Prompt
Return the data below exactly, please, but drop the pictures.

Data provided

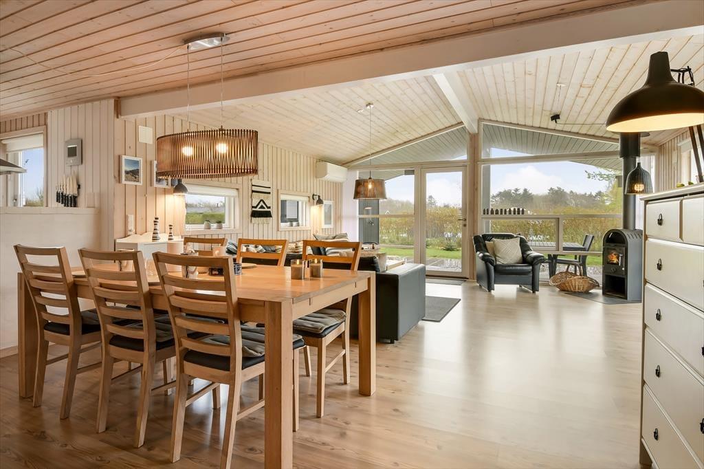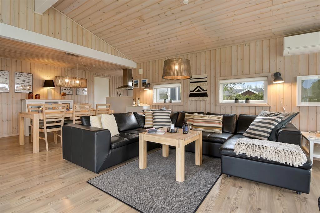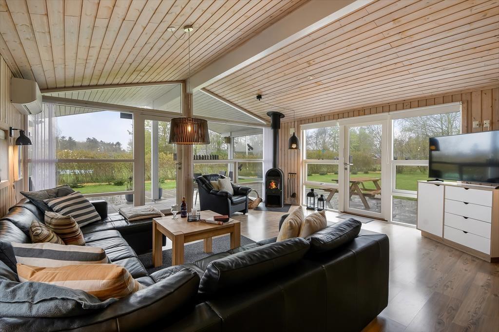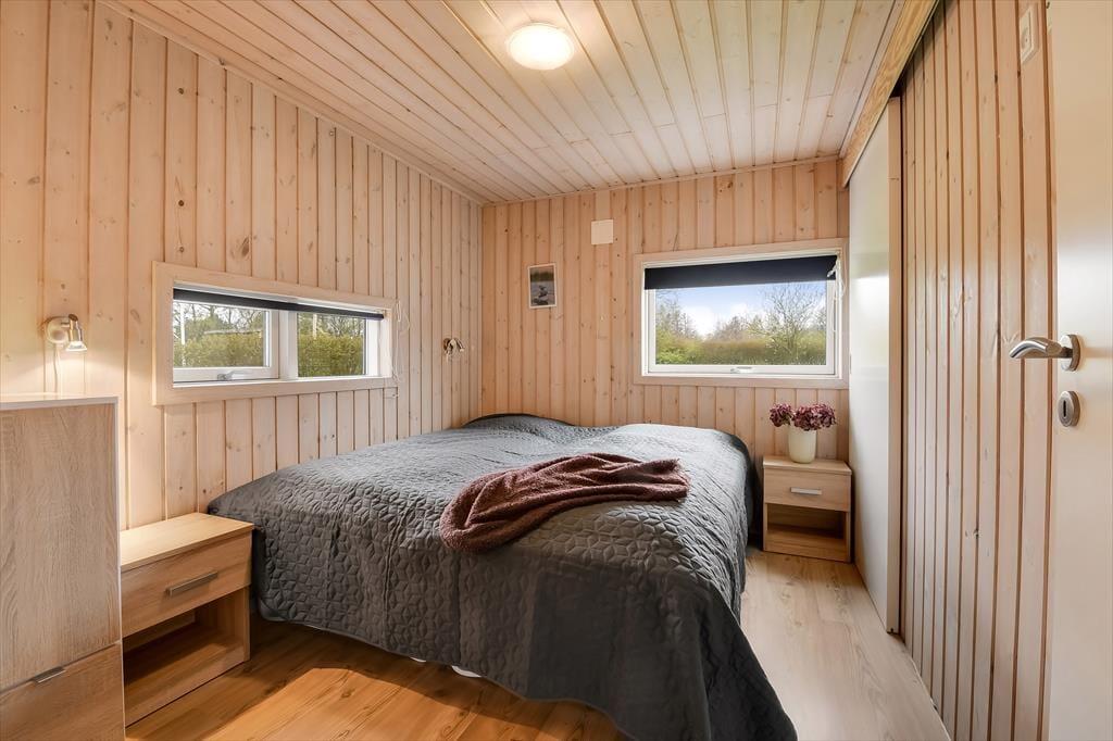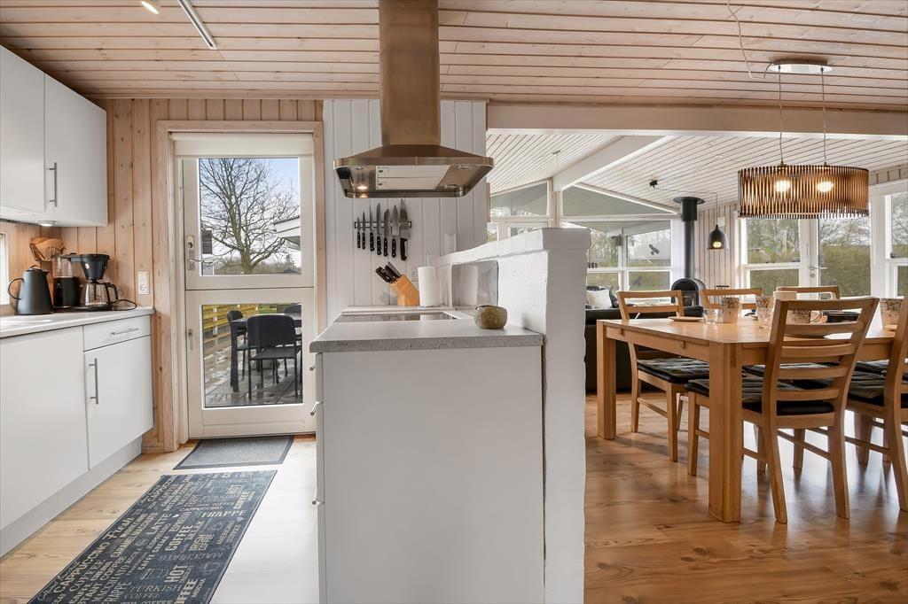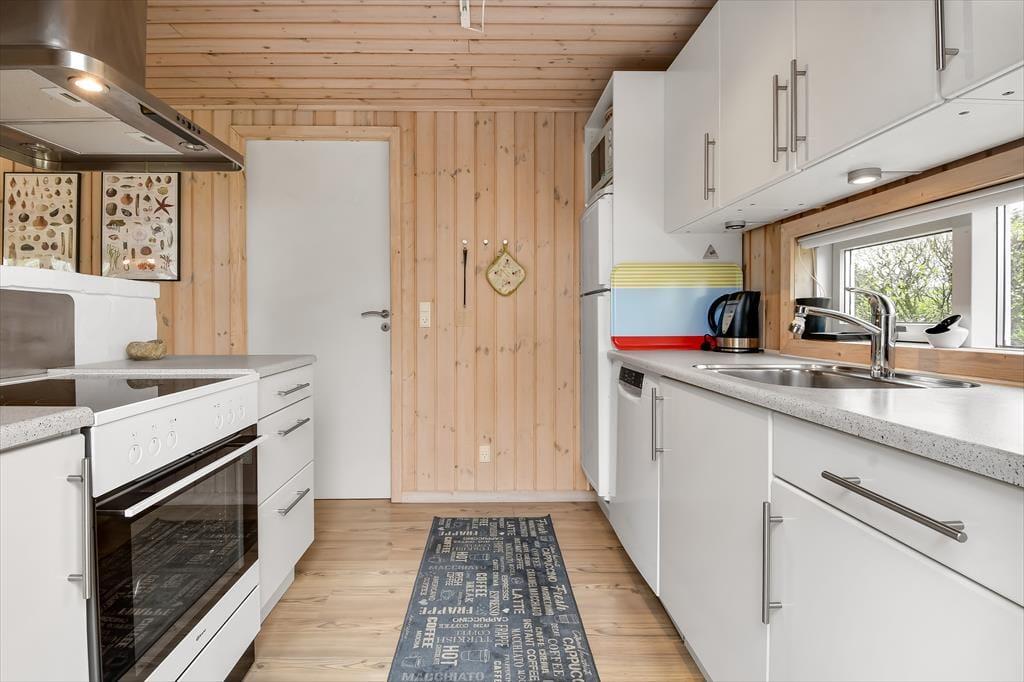Sommerhuset er et 86 m² stort eksemplar fra 2006, der fremstår pænt og velholdt. Planløsningen passer godt til seks personer, for der er to soveværelser med dobbeltseng og et tredje med køjeseng, så det er oplagt som børneværelse. Både store og små familiemedlemmer kan samles i stuen, der er et dejligt opholdsrum med loft til kip, et godt lysindfald og direkte udgang til terrassemiljøet. Derudover er der brændeovn, sofakrog og stort fladskærms-tv, så der er lagt op til mange gode og afslappende hyggestunder. Rummets spiseafsnit ligger lige ved køkkenet, som er udstyret med opvaskemaskine og andre gode hvidevarer. Brusebadeværelset fremstår pænt og rummeligt ligesom de øvrige rum, og så skal det for øvrigt nævnes, at huset er kørestolsvenligt med brede døre uden bundstykke.
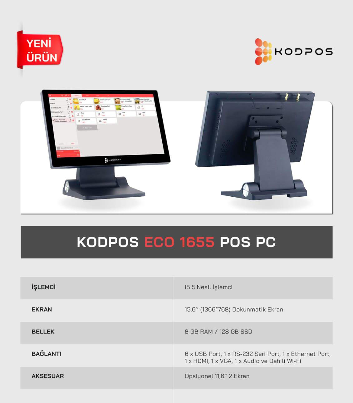 KodPos Eco 1655-İ, Intel i5 5.Nesil, 15.6" Ekran, 8GB Ram, 128GB SSD, Endüstriyel, Dokunmatik Pos PC
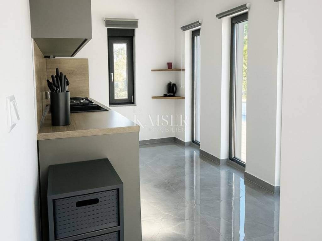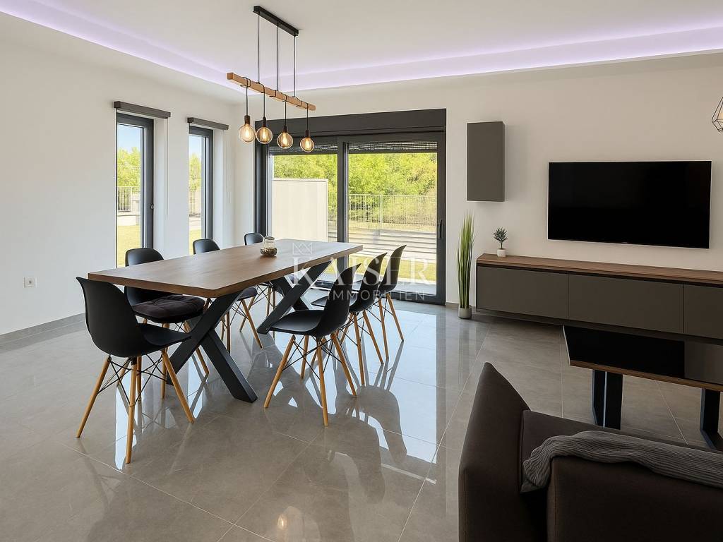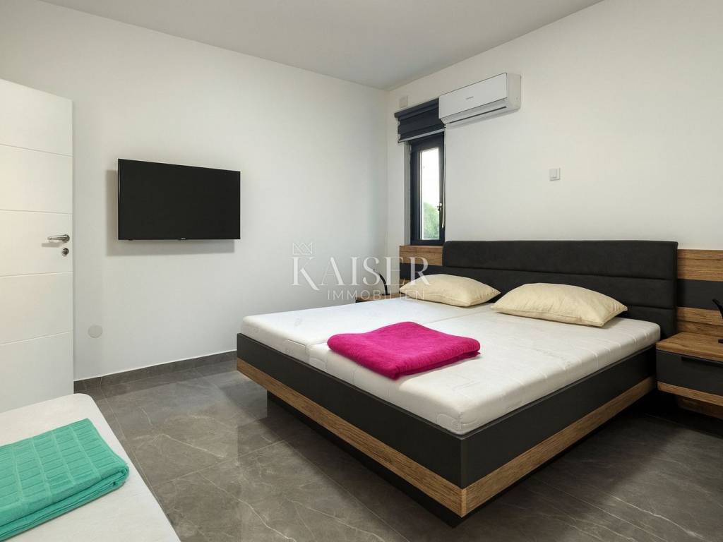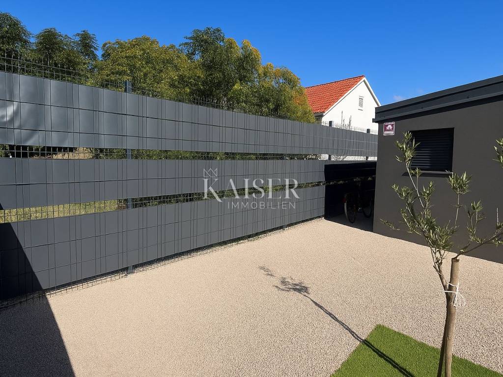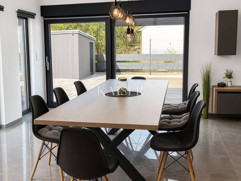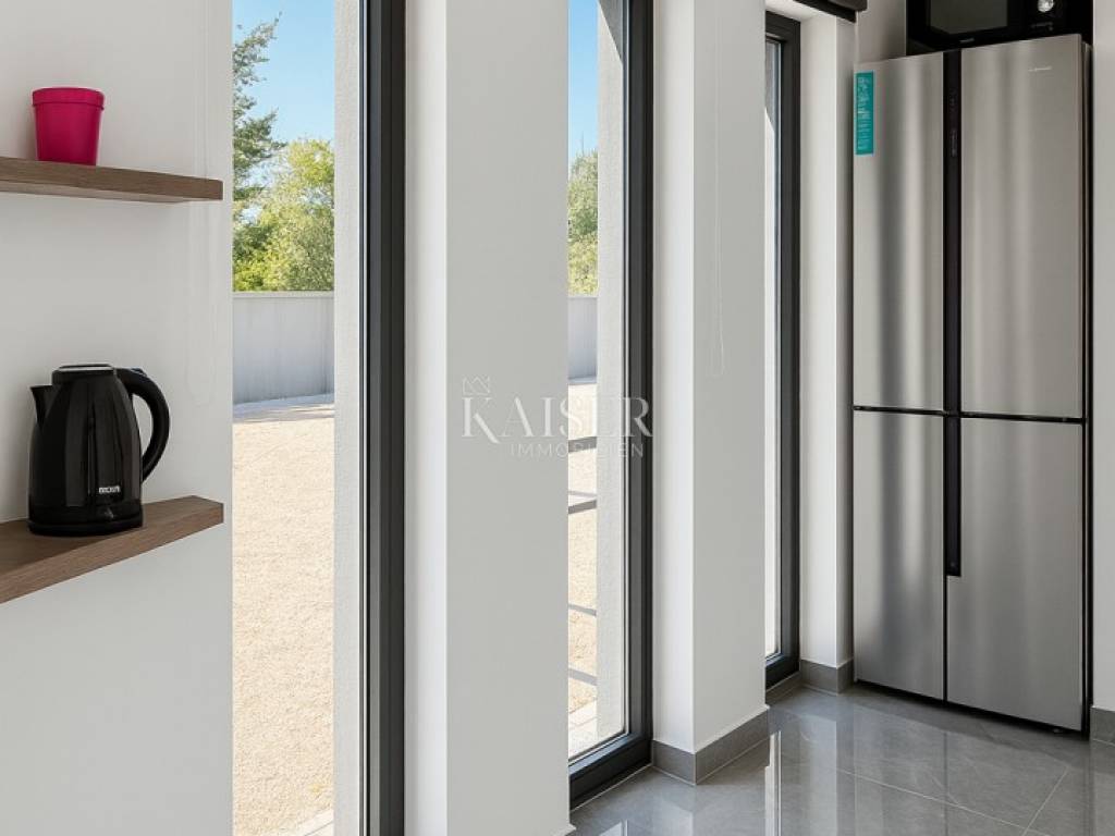 Kaiser Immobilien presents a modern single-storey house with simple lines and contemporary design, located in a quiet part of Ninski Stanovi - just a few minutes' drive from royal Nin and ten kilometers from Zadar.

Solution
Sommerhuset er et 86 m² stort eksemplar fra 2006, der fremstår pænt og velholdt. Planløsningen passer godt til seks personer, for der er to soveværelser med dobbeltseng og et tredje med køjeseng, så det er oplagt som børneværelse. Både store og små familiemedlemmer kan samles i stuen, der er et dejligt opholdsrum med loft til kip, et godt lysindfald og direkte udgang til terrassemiljøet. Derudover er der brændeovn, sofakrog og stort fladskærms-tv, så der er lagt op til mange gode og afslappende hyggestunder. Rummets spiseafsnit ligger lige ved køkkenet, som er udstyret med opvaskemaskine og andre gode hvidevarer. Brusebadeværelset fremstår pænt og rummeligt ligesom de øvrige rum, og så skal det for øvrigt nævnes, at huset er kørestolsvenligt med brede døre uden bundstykke.
 KodPos Eco 1655-İ, Intel i5 5.Nesil, 15.6" Ekran, 8GB Ram, 128GB SSD, Endüstriyel, Dokunmatik Pos PC
 Kaiser Immobilien presents a modern single-storey house with simple lines and contemporary design, located in a quiet part of Ninski Stanovi - just a few minutes' drive from royal Nin and ten kilometers from Zadar.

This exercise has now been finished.